The paper addresses the challenge of designing and running AI/ML workloads efficiently across heterogeneous models, data, software, and hardware while protecting intellectual property. It proposes a virtualization-centric framework, Collective Mind (CM), with CM4MLOps, MLPerf-driven benchmarks, and the Collective Knowledge Playground to automate, standardize, and reproduce experiments via portable automation recipes (CM scripts) and artifact management. Key contributions include donating CM and CK to MLCommons, modularizing MLPerf benchmarks through CM4MLOps (cm4mlperf) and hosting the first large open challenge that yielded 12,217 MLPerf v3.1 inference results from 20+ companies, demonstrating scalable community collaboration and reproducibility. The approach aims to democratize AI research, reduce costs, and enable automatic software/hardware co-design across vendors, with future plans (e.g., CMX, CMX4MLOps) to further automate co-design and maintenance of portable automations across evolving platforms.

Abstract

This white paper introduces my educational community initiative to learn how to run AI, ML and other emerging workloads in the most efficient and cost-effective way across diverse models, data sets, software and hardware. This project leverages Collective Mind (CM), virtualized MLOps and DevOps (CM4MLOps), MLPerf benchmarks, and the Collective Knowledge playground (CK), which I have developed in collaboration with the community and MLCommons. I created Collective Mind as a small and portable Python package with minimal dependencies, a unified CLI and Python API to help researchers and engineers automate repetitive, tedious, and time-consuming tasks. I also designed CM as a distributed framework, continuously enhanced by the community through the CM4* repositories, which function as the unified interface for organizing and managing various collections of automations and artifacts.
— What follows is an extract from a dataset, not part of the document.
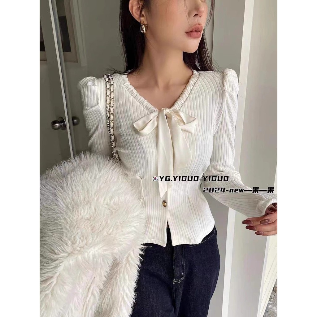 469 HYK SHOP?? Elegant White Blouse with Bow Tie Women | Baju Blouse Putih Wanita Kasual Officewear

For example, CM4MLOps repository includes many automations, also known as CM scripts, to streamline the process of building, running, benchmarking, and optimizing AI, ML, and other workflows across ever-evolving models, data, and systems. I donated CK, CM and CM4MLOps to MLCommons to foster collaboration between academia and industry to learn how to co-design more efficient and cost-effective AI systems while capturing and encoding knowledge within Collective Mind, protecting intellectual property, enabling portable skills, and accelerating the transition of the state-of-the-art research into production. My ultimate goal is to collaborate with the community to complete my two-decade journey toward creating self-optimizing software and hardware that can automatically learn how to run any workload in the most efficient and cost-effective manner based on user requirements and constraints such as cost, latency, throughput, accuracy, power consumption, size, and other critical factors.
Paper Structure (5 sections, 5 figures)

This paper contains 5 sections, 5 figures.

Figures (5)

  • Figure 1: The decentralized architecture of Collective Mind.
  • Figure 2: Many research projects implement the same "research actions" using diverse ad-hoc OS commands and Python scripts, sharing them along with loosely organized Git repositories, containers, and Jupyter notebooks to enable the community to reuse their projects and reproduce experiments doi:10.1098/rsta.2020.0211acm_techtalk_fursin_reproducibility_2022. This figure includes the MAD landscape (Machine Learning, AI, and Data) sourced from https://mad.firstmark.com.
  • Figure 3: The basic workflow of a CM script
  • Figure 4: The Collective Mind framework enables the creation of portable, technology-agnostic automation recipes (CM scripts). These scripts can be seamlessly reused across diverse research projects, dynamically adapting to varying operating systems, models, datasets, software, and hardware.
  • Figure 5: Collective Knowledge Playground: an educational community project to learn how to co-design more efficient and cost-effective software and hardware for AI, ML and other emerging workloads with the help of Collective Mind, virtualized MLOps, MLPerf and reproducible optimization challenges.